● EXERCISE INSTRUCTIONS: The expected output is an exact copy of the lines from the one containing "会の冒頭では、創業当初からの" to the final line below, minus any pictures.

● DATA PROVIDED:
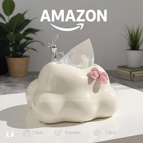 - 1) التصميم: يتميز حامل المناديل هذا بشكل أرنب ساحر مصنوع من السيراميك الأبيض اللامع، يكمله فيونكة وردية رقيقة وتفاصيل فضية، مما يضيف لمسة غريبة وأنيقة إلى أي غرفة.
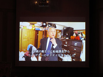 会の冒頭では、創業当初からの会社の歩みと共に社長の足跡も凝縮された動画を放映。中には社長のご自宅や愛猫が紹介される一幕も(笑)。
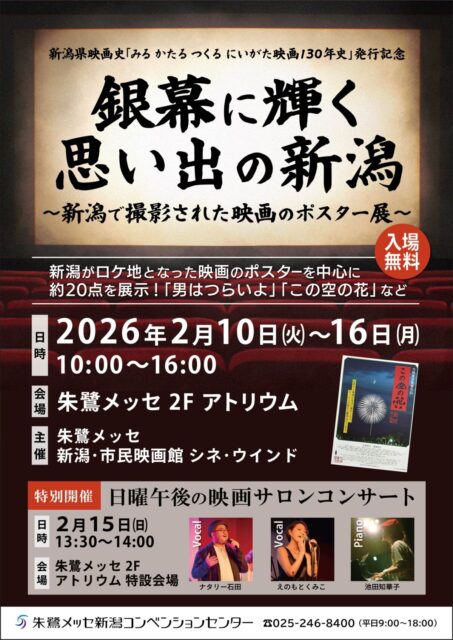 新潟県映画史「みる かたる つくる にいがた映画130年史」発行記念企画として開催されるポスター展。「男はつらいよ」「この空の花」など、新潟で撮影された映画のポスター約20点を展示します。スクリーンを彩った名作のビジュアルを通して、新潟の風景や物語をあらためて振り返る機会となる展示です。

● ANSWER FOR THIS EXERCISE:
 会の冒頭では、創業当初からの会社の歩みと共に社長の足跡も凝縮された動画を放映。中には社長のご自宅や愛猫が紹介される一幕も(笑)。
 新潟県映画史「みる かたる つくる にいがた映画130年史」発行記念企画として開催されるポスター展。「男はつらいよ」「この空の花」など、新潟で撮影された映画のポスター約20点を展示します。スクリーンを彩った名作のビジュアルを通して、新潟の風景や物語をあらためて振り返る機会となる展示です。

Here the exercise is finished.